The problem: Each word in the data below should be copied exactly; the images should not.

Data section:

┄┄┄┄┄┄

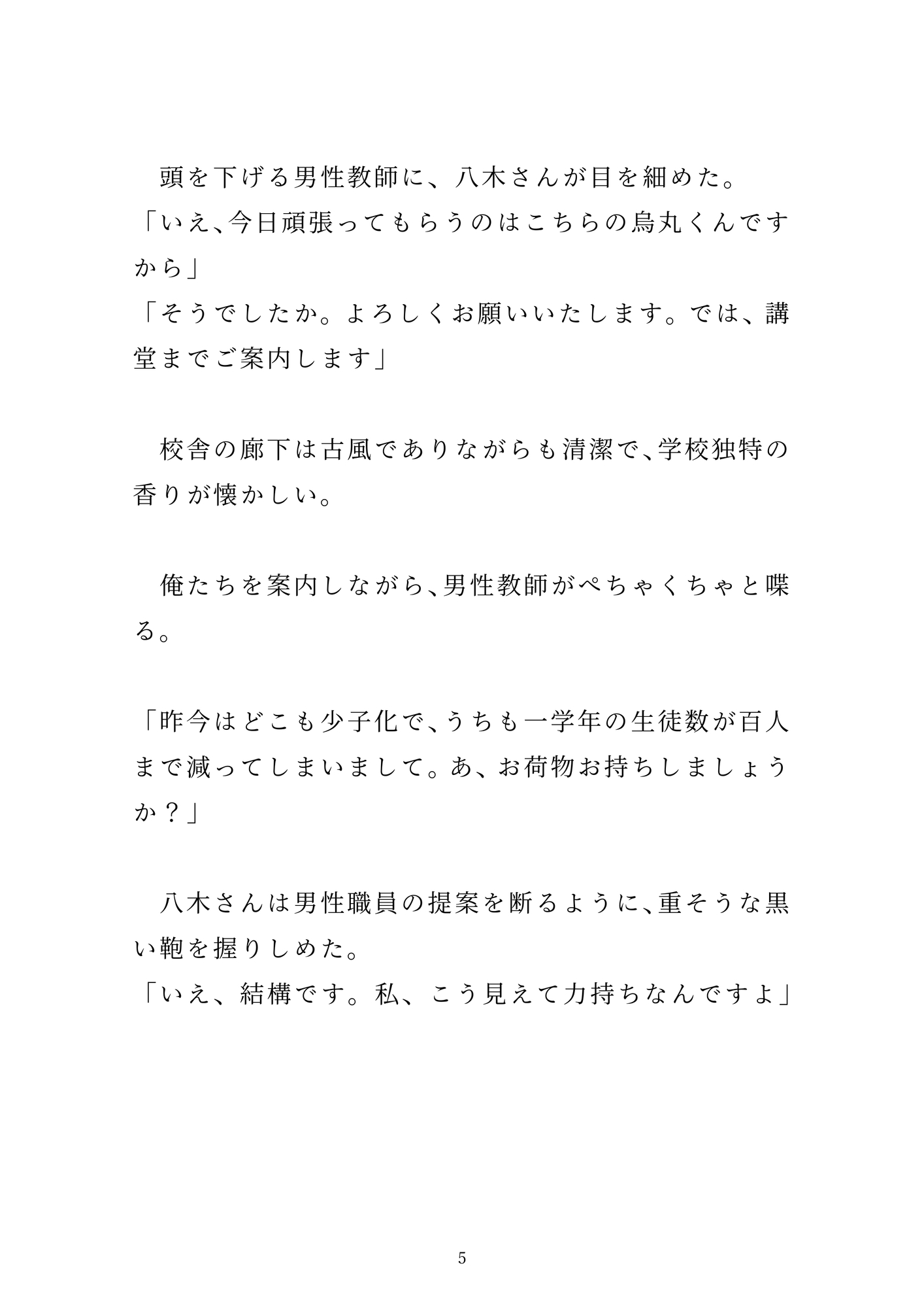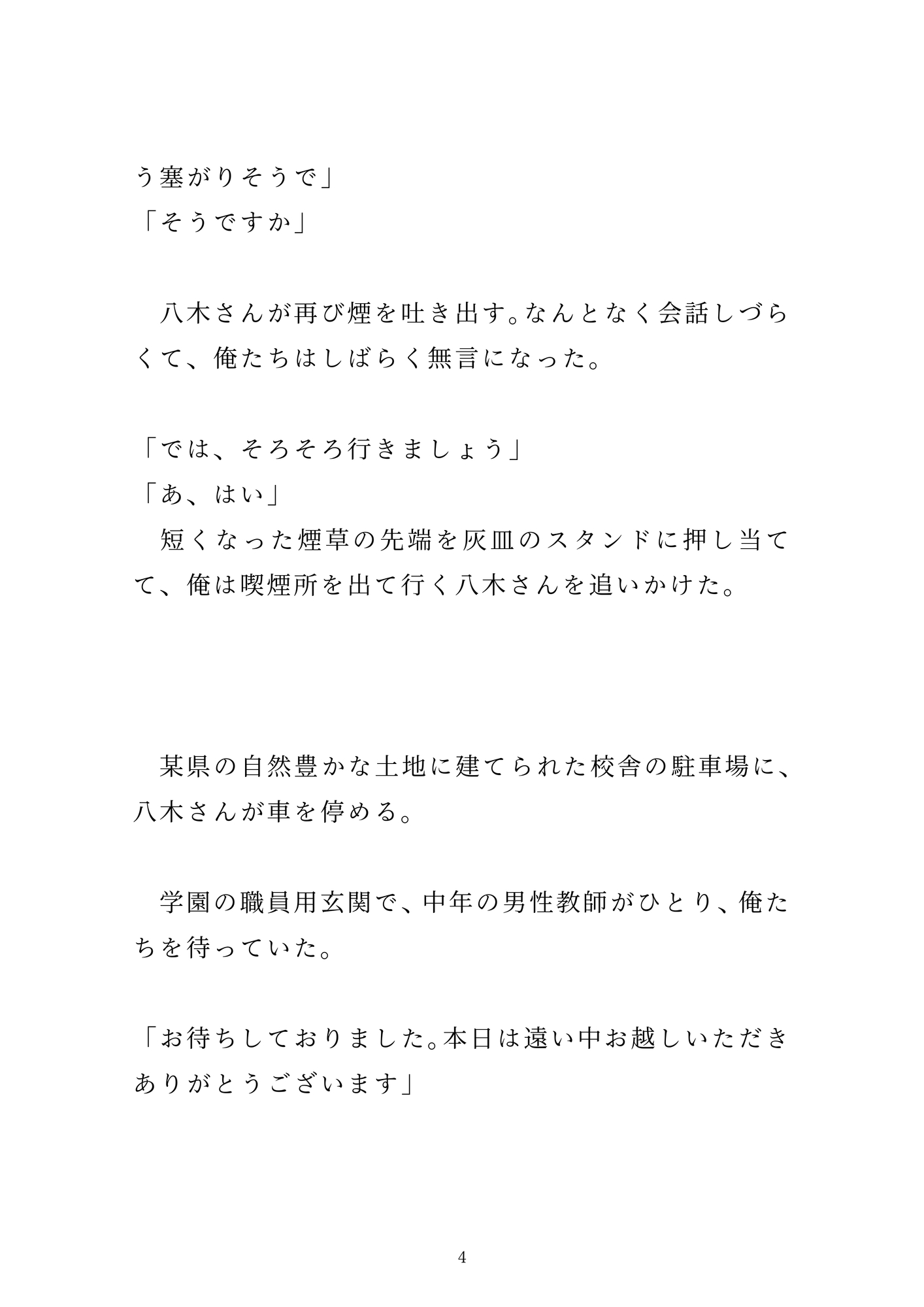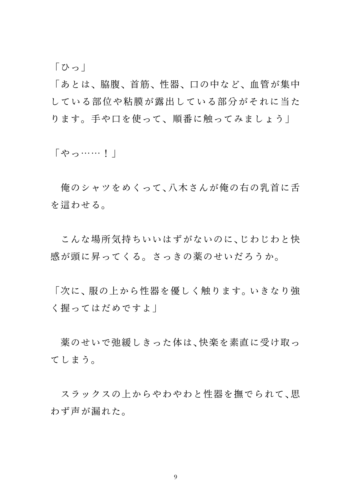 「女の子とのセックス」を夢見て新卒で「性教育センター」の職員になった烏丸。とある男子校での実践授業で、先輩男性職員の八木さんに一服盛られて、百名の生徒たちの前で公開セックスさせられる。 前戯から挿入まで手順通りにプレイを進める八木さんにとろとろにさせられる烏丸だったが、途中から八木さんが「ダメなセックスの例」を実践し始めて、激しすぎるプレイに何度も絶頂してしまう烏丸。快楽メス堕ちハッピーEND。
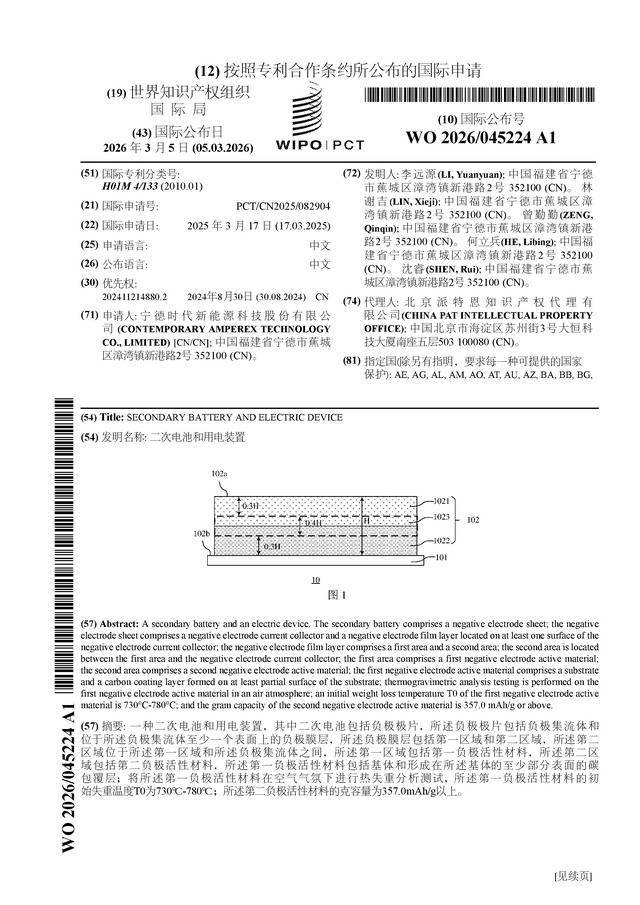 宁德期间公布国外专利央求:“二次电板和用电安装”
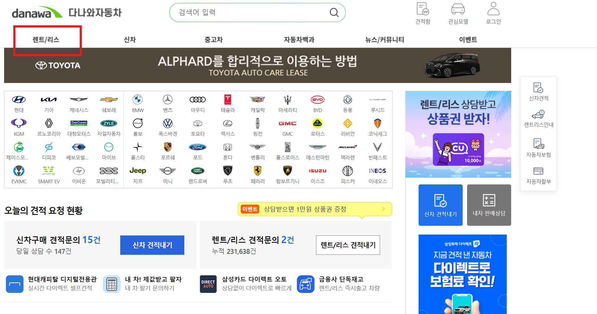 - 다나와 자동차에서 렌트/리스 섹션을 클릭하면 월렌트가 나와요.

┄┄┄┄┄┄

Exercise result:
 「女の子とのセックス」を夢見て新卒で「性教育センター」の職員になった烏丸。とある男子校での実践授業で、先輩男性職員の八木さんに一服盛られて、百名の生徒たちの前で公開セックスさせられる。 前戯から挿入まで手順通りにプレイを進める八木さんにとろとろにさせられる烏丸だったが、途中から八木さんが「ダメなセックスの例」を実践し始めて、激しすぎるプレイに何度も絶頂してしまう烏丸。快楽メス堕ちハッピーEND。
 宁德期间公布国外专利央求:“二次电板和用电安装”
 - 다나와 자동차에서 렌트/리스 섹션을 클릭하면 월렌트가 나와요.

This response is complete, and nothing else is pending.